У солнца был только один глаз. Второй не получился и был с позором изгнан из действительности намусоленной ладошкой. Зато у солнца был улыбающийся рот дугой и множество белых веснушек вокруг вздернутого - загогулиной - носа. Белых - просто потому что не было других мелков. Художник, сопя, старательно рисовал на каждом из лучиков по маленькой ладошке, стоя разбитыми коленками на асфальте. Художнику было пять лет.
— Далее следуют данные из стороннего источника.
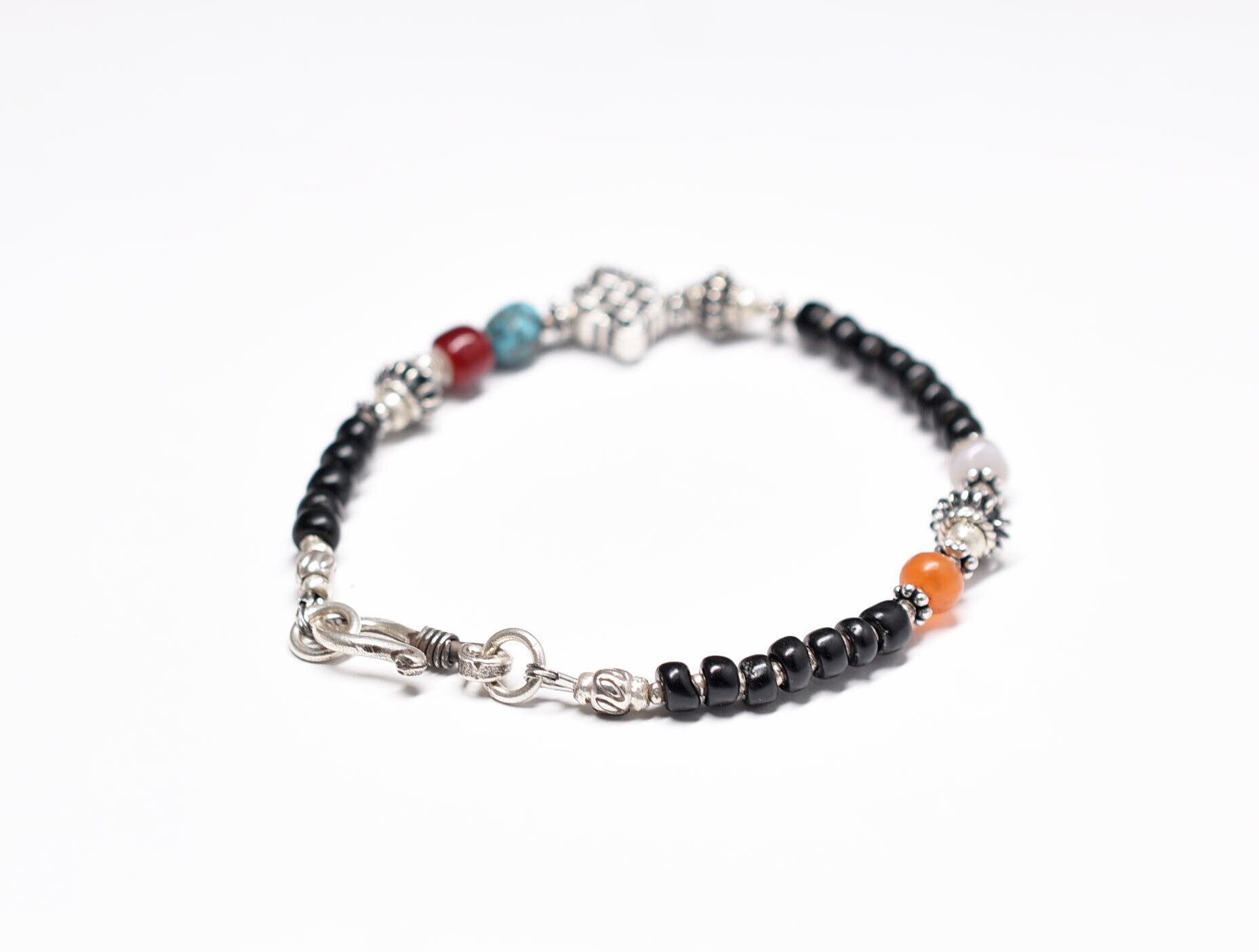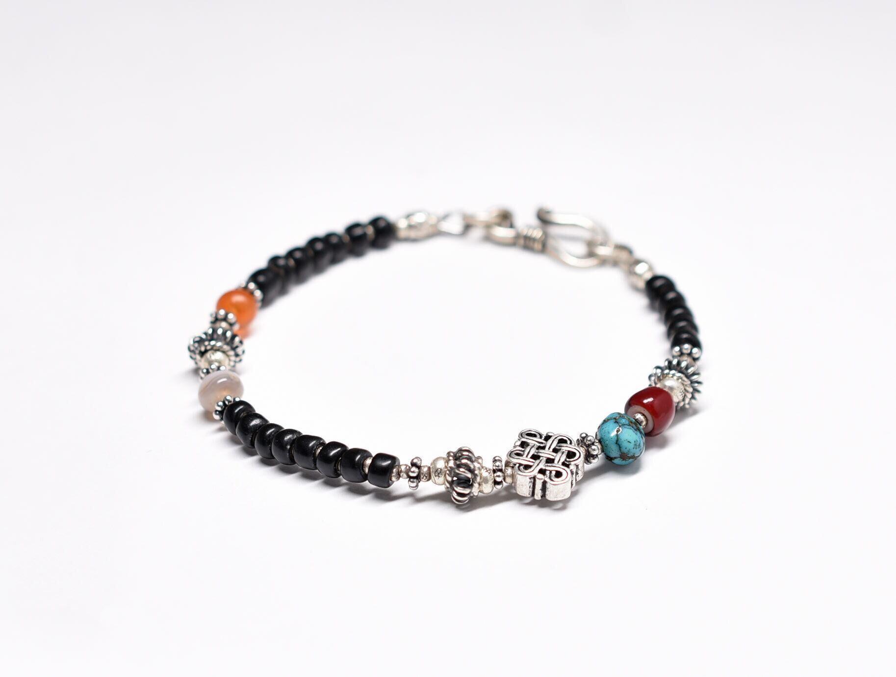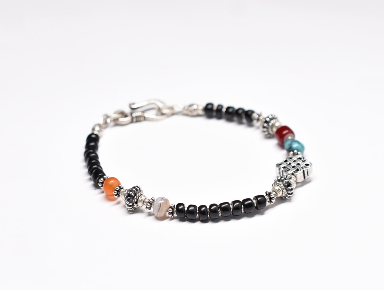 エンドレスノットとoldチベタンターコイズ、血赤ホワイトハーツ、古代瑪瑙、古代カーネリアン、漆黒ビーズを繋いだブレスです。

На асфальтовое творение искусства легла чья-то тень, и художник поднял голову. Над рисунком стоял мужчина и разглядывал его с придирчивостью критика. Художник замер. Это был первый его критик, и художнику хотелось узнать, что он скажет. Критик постоял еще немного для значительности и наконец авторитетно заявил:
- У твоего солнца не хватает глаза.
В первый раз обиженный критикой, художник засопел и с достоинством проговорил:
- Он не получился.
Критик постоял еще немного и вдруг опустился на колени рядом. Его серые мешковатые штаны, протертые на коленях, видимо, были привычны к таким выходкам. Критик отобрал у художника мелок и прищурился. Он начал творить второй глаз, поминутно отрываясь от работы и сравнивая набросок с уже нарисованным глазом. Художник стоял рядом и ревниво глядел на работу. Солнце медленно прозревало.
Художник и критик одновременно поднялись и одинаковым небрежным движением отряхнули колени. Одинаково помолчали. Критик протянул руку художнику - они обменялись рукопожатием. Творение художника было признано.
Критик задумчиво ухватил себя за подбородок - покрытый щетиной, росшей неровно, неопрятными островками. Критик заговорил - и художник получил свой первый заказ. Критик сказал:
- Нарисуй мне барашка.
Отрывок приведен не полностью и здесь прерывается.